On the McDonnell Douglas MD-11, computers perform

everything from checklist tasks to stall recovery in an aircraft

where the flight engineer's duties are accomplished by a bank of

automatic controllers that run the aircraft's systems.

The cockpit design distills the experience of 19 years and more

than 16 million hours of DC-10 commercial airline operation into

computerized system controllers that operate hydraulic, electrical,

air (pneumatic) and fuel systems. These aircraft system

controllers, as they are called, run in parallel rather than in series

for both normal and emergency procedures. This means, for

example, that the fuel system configuration changes to the proper

status without waiting for steps to be taken to reconfigure the

hydraulic, electrical or air systems. Each system is run by two

computers and each one can revert to manual operation if

necessary.

In addition, the automatic flight system (AFS) includes

augmentation in pitch, yaw and roll. Roll control wheel steering is

optional. The autothrottle portion of AFS keeps the pilot from

unintentionally flying too fast or too slow in a particular

configuration. A flight management system provides automatic

navigation in both vertical and lateral dimensions. It also provides

the optimum speeds and altitudes to achieve the most efficient fuel

consumption on a particular route. The two dual-channel flight

control computers direct the throttles, the ground spoilers, the

elevators, ailerons, rudder, elevator feel, flap limiter and stab trim.

This AVIATION WEEK & SPACE TECHNOLOGY pilot

evaluated the MD-11 recently from the left seat in test aircraft

No. 4. The aircraft, which is powered by General Electric

CF6-80C2 engines, is scheduled for delivery to American

Airlines later this year.

Capt. John Miller, chief of flight operations for the MD-11

program, occupied the right seat for the demonstration. The flight,

which was part of the regular test program, lasted 5.8 hr. and

more than 40 test procedure cards were accomplished. A crew

of technicians manned computer and video consoles in the back

of the aircraft to monitor the tests in progress, which included

numerous checks on the accuracy of the Honeywell flight

management system.

The exterior of the MD-11 looks very much like a DC-10

because the airframe is stretched only 18 ft. 6 in. The MD-11,

however, is most recognizable by its winglets.

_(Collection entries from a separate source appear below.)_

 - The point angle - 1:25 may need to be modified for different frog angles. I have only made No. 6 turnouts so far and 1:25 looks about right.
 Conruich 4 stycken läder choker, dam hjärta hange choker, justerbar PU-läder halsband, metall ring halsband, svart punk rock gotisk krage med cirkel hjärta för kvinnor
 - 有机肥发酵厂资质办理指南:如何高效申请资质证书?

The outer portion

of the wings have a blunt trailing edge that varies in thickness from

.5 in. near the wingtip to 1.5 in. at the inboard edge of the outer

flap panel. The inlet for the No. 2 engine is the same as that used

on the DC-10 Series 40. This is the case even though the

MD-11's 61,500-lb.-thrust General Electric CF6-80C2 and

60,000-lb.-thrust Pratt & Whitney PW4460 engines require

more airflow than the 52,500-lb.-thrust Pratt & Whitney

JT9D-59A series engines on the DC-10-40. McDonnell Douglas

engineers were concerned about whether the opening would be

large enough, but flight tests have demonstrated that the air mass

movement is sufficient. The third engine in the program is the

65,000-lb.-thrust Rolls-Royce Trent 665. Composite material is

now used in the No. 2 inlet structure.

Once we were in the seat, Miller turned on the inertial systems

and called up route F-150 in the flight management system

(FMS) memory. F-150 is a round-robin route that goes from

Yuma to San Diego, Los Angeles and Palmdale in California and

then on to Boulder, Colo. This route would be used to test the

FMS navigation accuracy. Miller entered a zero cost index to

govern FMS calculations. An index can be selected between 0

and 999 depending on whether fuel economy is the primary

objective or whether reducing time en route is more important.

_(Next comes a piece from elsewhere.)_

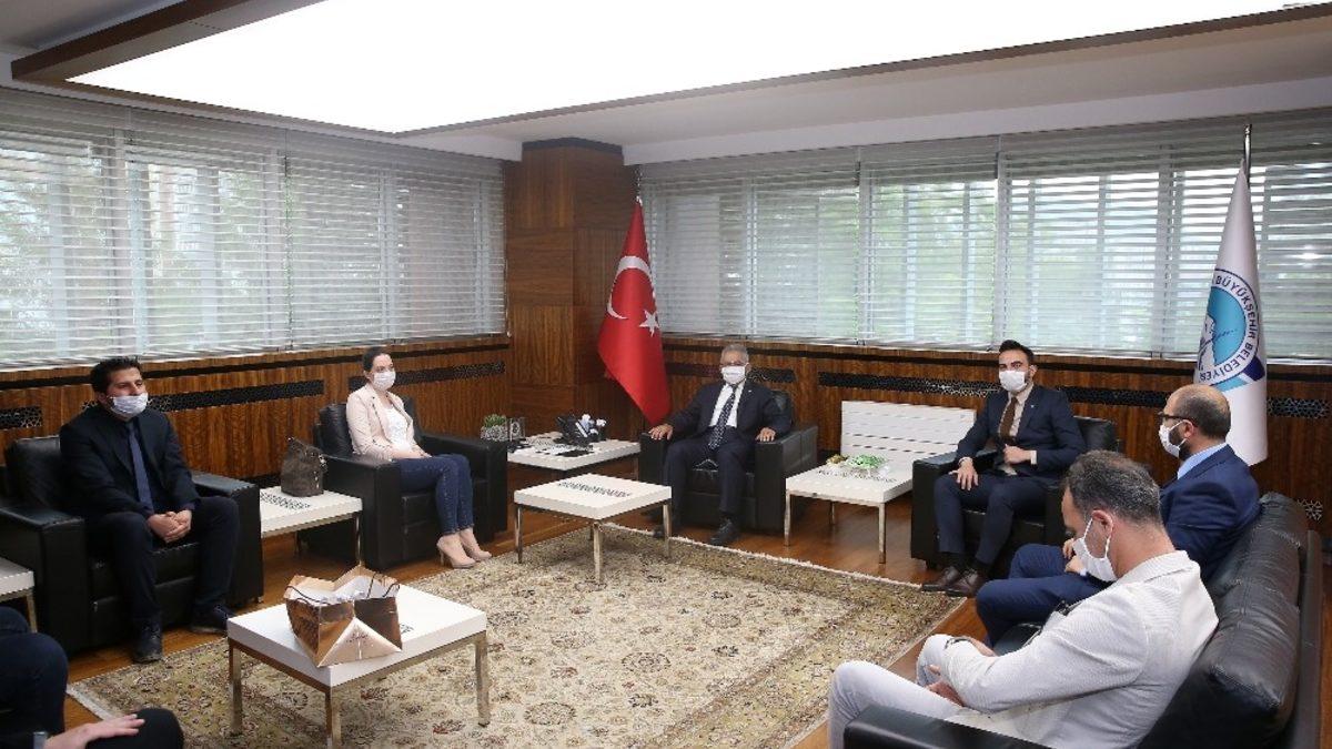 Kayseri Mimarlar Odası’nın Yönetim Kurulu Başkanı Halil Çevik ve yönetim kurulu üyeleri Büyükşehir Belediye Başkanı Dr .Memduh Büyükkılıç’ı ziyaret etti.

The next entry in the FMS control display unit was our gross

weight of 460,900 lb. and total fuel of 186,400 lb. with a zero

fuel weight center of gravity of 23%. At this point the FMS

calculated our c. g. with full fuel.

Miller filed to climb to a cruising altitude of flight level 260 and the

FMS computer told us that flight level 340 was optimum for this

fuel weight and flight level 366 was the maximum level. One of

the features of the MD-11 FMS that international operators will

find useful is the system's ability to calculate a series of step

climbs with up to six steps. This allows for more accurate fuel

planning on long-range flights.

The aircraft system controllers are programmed to perform

self-tests. The fuel system, for example, completes its test when

the refueling door is closed. Miller checked with the scanner on

the ground that the flight controls were clear before initiating an

automated hydraulic system test that would move control

surfaces. If any problems are discovered they are annunciated to

the crew.

A check of the fuel system synoptic page, a diagram with tanks

and pumps and engines depicted, showed that the No. 1 main

tank contained 41,100 lb., the No. 2 main tank 64,600 lb., the

No. 3 main 40,900 lb. and the auxiliary tank 39,800 lb. The No.

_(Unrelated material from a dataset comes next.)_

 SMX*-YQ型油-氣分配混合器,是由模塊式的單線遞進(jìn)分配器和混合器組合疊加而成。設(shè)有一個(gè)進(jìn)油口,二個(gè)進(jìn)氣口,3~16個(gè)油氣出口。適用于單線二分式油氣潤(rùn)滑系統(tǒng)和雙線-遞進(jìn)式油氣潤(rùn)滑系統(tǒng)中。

2 tank is really two tanks in the inboard sections of the left and

right wings, and the auxiliary tank is in the center wing. This

diagram is a dynamic one that tracks fuel levels and notes with

changing colors when fuel pumps are on or off. The fuel quantities

are measured by a computerized system that relies on several

probes in each tank. The tail tank, which has a 2,000-gal.

capacity, was empty but the fuel system controller would route

fuel into it after takeoff to achieve the desired aft center of gravity.

A check of the configuration page on the Systems Display

cathode ray tube (CRT) showed that the brakes were at about

27C and the tire pressure was about 190 psi. A check of the

overall system status page showed that there were no alerts with

consequences.

Miller depressed the APU start button, and the APU doors

opened and the power unit began to turn over.

He then called up the fuel status page to show that a fuel pump

had been turned on automatically to feed the APU and the fuel

system configuration was changing. He called up the electrical

system status page next and showed that the APU was

automatically powering the main buses and the electrical system

was reconfiguring itself to draw power from the APU. External

power was turned off and the air cycle machines began operating

automatically.

MANUAL-AUTOMATIC SHIFTS

Miller demonstrated that it is possible to intervene at any point

and convert the fuel, electrical, air or hydraulic system to manual

operation if the pilot so desires. Reverting to automatic operation

is as simple as depressing a button.

The crew entrance door was closed and the FMS calculated all

of our takeoff speeds, which appeared as markers on the speed

tape. V (takeoff decision speed) was 134 kt., Vr (rotation speed)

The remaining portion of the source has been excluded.